2.3 Preparation of in situ coated Ti₃C₂T_x/Ni_0.5Zn_0.5Fe₂O₄ composites

The desired amount of the Ti₃C₂T_x dispersion solution was added to a salt solution composed of Ni(NO₃)₂·6H₂O, Zn(NO₃)₂·6H₂O, and FeSO₄·7H₂O at a molar ratio of Ni : Zn : Fe = 0.5 : 0.5 : 2 according to the stoichiometric ratio of Ni_0.5Zn_0.5Fe₂O₄, followed by magnetic stirring and ultrasonic dispersing for 60 min. According to the thermodynamic calculations reported in the literature, the pH needs to be controlled at 10.5 to fabricate the expected ferrite.²⁶ The salt and Ti₃C₂T_x of the mixed solution and 1 M NaOH solution were added dropwise at a flow rate of 2.5 ml min⁻¹ under continuous stirring with O₂ pumped into the reaction solution. After co-precipitation, a Ni, Zn, and Fe precursor slurry formed and then continued to react at 80 °C for 4 h. The finally obtained precipitates were washed 5 times with deionized water and absolute ethanol, dried, ground, and passed through a 200 mesh sieve; the final Ti₃C₂T_x/Ni_0.5Zn_0.5Fe₂O₄ composites were obtained. The schematic presents the facile co-precipitation processing of the Ti₃C₂/Ni_0.5Zn_0.5Fe₂O₄ composites (Fig. 1).
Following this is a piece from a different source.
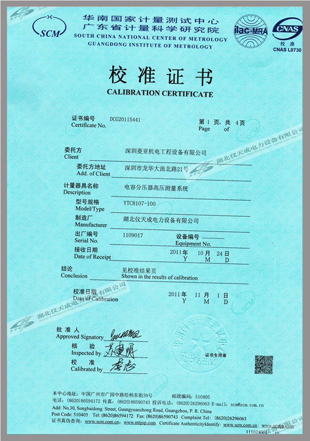 轉(zhuǎn)載:"YTC8107系列電容分壓器高壓測(cè)量系統(tǒng)鑒定證書" 請(qǐng)注明來(lái)源于儀天成電力。 更多技術(shù)問題請(qǐng)致電儀天成電力客戶服務(wù):027-87876585,技術(shù)部專線:027-87876585,在線客服:
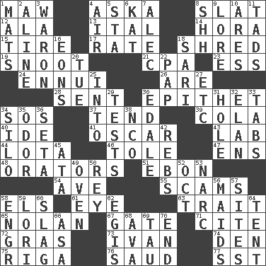 ACROSS 1. Opening into something insatiable 4. "____ silly question..." 8. Narrow board 12. Wing 13. Slanted text style (abbr.) 14. Israeli folk dance 15. Hoop that covers a wheel 17. Pace 18. Tear up 19. Snout, nose 21. Numbers guy (abbr.) 23. Double-curved letter 24. World-weariness 26. "We ___ not amused" (Victoria) 28. Emitted 30. Curse 34. Mayday 37. Watch over 39. Root beer relative 40. Binary compound 41. Witty Wilde 43. Experiment locale 44. Globular water bottle used in Asia 46. Lacquered or enameled metalware 47. Followers of ems 48. Speakers 51. Inky black, to poets 54. "___ Maria" 55. Fraudulent business schemes 58. Raised railways 61. Sight organ 63. Distinguishing feature 65. Pitcher Ryan 67. Yard entry 71. Quote 72. Pate de foie ____ 73. _ the terrible 74. Lair 75. Port city in Latvia 76. Saudi Arabian king (1953-1964) 77. Fast jet (abbr.) DOWN 1. Floor coverings 2. Place in a line 3. Make _____ (do battle with) 4. Wind 5. R.R. building 6. Krazy ___ of comics 7. Actor Baldwin 8. Quiet! 9. Old wives' tales, e.g. 10. Ancient Greek god of war 11. Small amounts or degrees 16. Immeasurably long periods of time 18. Indian skirt 20. Third day of the wk. 22. Infant food 25. To the inside or interior of 27. And so on (abbr.) 29. Trials 30. Peak District village in England 31. Hollow 32. Liveliness 33. Bar bills 34. Grain storage tower 35. Scent 36. Stalk of a moss capsule 38. Non-commissioned officer (abbr.) 42. Confederate soldiers (slang) 45. _ moment's notice (2 wds.) 49. Baking chamber 50. Marina Del _, California 52. Sep. follower 53. Drug cop 56. Unmarried girls 57. Settings 58. Engineer (abbr.) 59. Australian parrot (variant) 60. Volcanic refuse 62. The front part of a cuirass 64. Portable shelter 66. White ___ sheet 68. Actress Gardner 69. The 19th letter of the Greek alphabet 70. Conclusion

Fig. 1 Schematic diagram of the co-precipitation processing of Ti₃C₂T_x/Ni_0.5Zn_0.5Fe₂O₄ composites.

2.4 Characterization

X-ray diffraction (XRD, D8 Advance, Bruker AXS, Germany) was used to analyze the sample phase; the XRD data were collected using Cu Kα radiation at a step size of 0.02°/2θ with a collection time of 1 s per step. Fourier transform infrared (FTIR, Thermo, Nicolet6700, USA) spectroscopy was used to characterize the functional groups on the surface before and after the functionalization of Ti₃C₂T_x. The microstructure and chemical composition were observed by scanning electron microscopy (SEM, QUANTA 250 FEG, FEI, USA) equipped with an energy dispersive spectroscopy (EDS) system. Transmission electron microscopy (TEM Tecnai F20, FEI, USA) and high-resolution TEM (HRTEM) images were carried out at an acceleration voltage of 200 kV. The specific surface area was measured using the Brunauer–Emmett–Teller (BET)²⁷ method on an ASAP2020 instrument. The electromagnetic property was measured using a physical properties measurement system (PPMS, Quantum Design, USA) at the room temperature hysteresis loop.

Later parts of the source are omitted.